De plus, j’ai compris très vite que l’être humain n’est pas fait pour rester toute sa vie au même poste (c’est pourquoi la fonction publique ne m’a jamais attiré), et que le contrat pousse au bout de quelques mois à la fainéantise. Recevoir le même salaire mensuel avec des promesses d’évolution minables, et sans jamais valoriser le travail effectué, n’encourage à rien d’autre. Je crois davantage en l’entreprenariat car devenir son propre patron développe l’instinct de survie et donc la curiosité. C’est pourquoi je suis devenu indépendant. Il faut cependant payer ses factures (et là attention aux crédits qui sont le boulet déguisé de cette société esclavagiste), donc il s’agit d’aller vers ce qui peut-être le meilleur équilibre TPT: Temps: Passion+Travail. Mes choix se font toujours en pensant tout le temps à cet équilibre, et en me disant que la passion est un travail plaisant, sûrement pas de rêvasser au soleil. Attention à cette nuance qui transforme cet équilibre en Temps : Travail Passion. J’ai du respect pour tous les gens qui travaillent avec passion, qu’ils soient plombier ou coiffeur. J’ai plus de mal pour ma part à servir des causes que je ne défends pas, et je pense qu’aucun homme n’a envie de passer 70% de son temps dans un métier qui l’éteindra à petit feu car il n’en partage pas réellement les convictions. Je reste convaincu que ce chemin de vie peut se faire à tout âge, à condition d’en connaitre par coeur tous les détours. Par ailleurs, des milliers de CV sont envoyés pour un petit poste alimentaire, alors pourquoi toujours se dire que la passion est un choix de vie trop concurrentiel ?

Me voici donc depuis 2013, après une carrière de journaliste musical et high-tech, “entrepreneur en communication digitale”, une expression désignant en réalité la transmission de tout ce que j’ai pu apprendre avec ma musique et un ordinateur depuis 17 ans. Depuis Myspace, WordPress et Photoshop, tous ces réseaux sociaux et ces outils de création et de diffusion numérique sont les supports de ma musique. J’en ai écrit des livres et des tutoriels pour des magazines (FHM, Men’s Health, Vous et Votre Mac, Geek, Femme Actuelle, Grazia etc..). Je suis donc un musicien enseignant de social media, comme un peintre est prof de peinture, un photographe prof de communication.

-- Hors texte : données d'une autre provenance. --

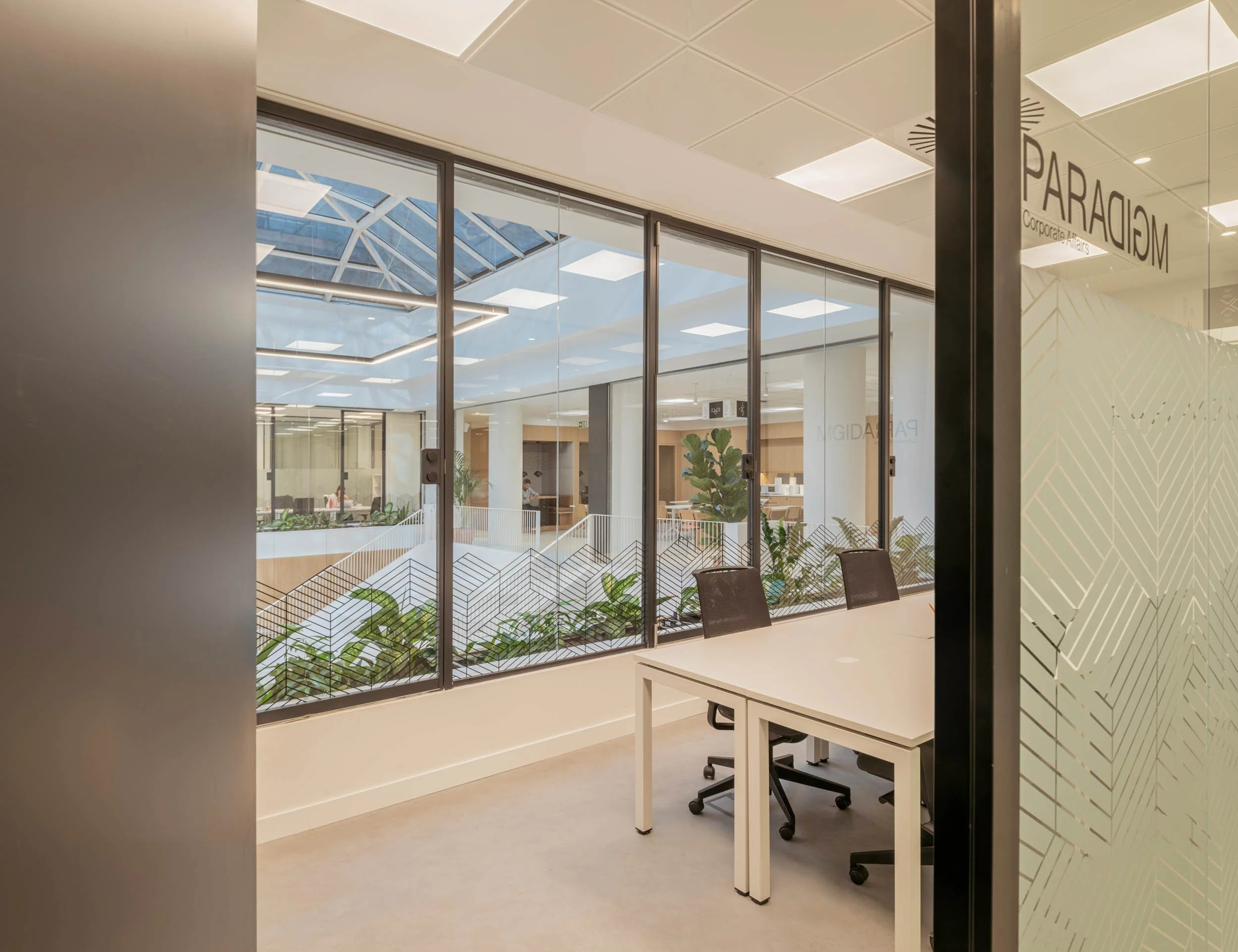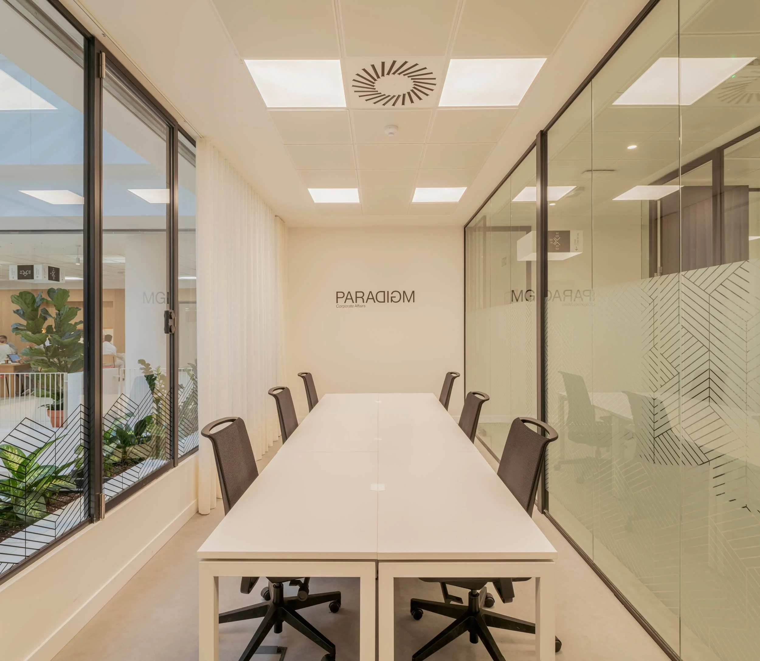 Las mamparas R66, con perfilería negra, permitieron configurar áreas de trabajo y reunión que suman 2.500 m², incorporando puertas ciegas y puertas de vidrio. El resultado es un entorno contemporáneo, funcional y visualmente sofisticado, alineado con las exigencias de un espacio de trabajo de última generación.

Je revois donc ce jeune candide de 20 ans marchant instinctivement sous la pluie de Nanterre, et je partage toujours avec lui cette envie de faire connaitre ses chansons et ses écrits au plus grand nombre. Je pense qu’il aurait le sourire en sachant qu’il ferait des duos avec ses chanteurs favoris grâce aux réseaux sociaux, et que toutes ces soirées derrière son ordinateur et son micro lui permettraient un jour de payer ses factures. Il serait également surpris d’apprendre que les plus grandes écoles françaises feraient appel à lui pour prêcher la bonne parole sur le premier média du petit peuple.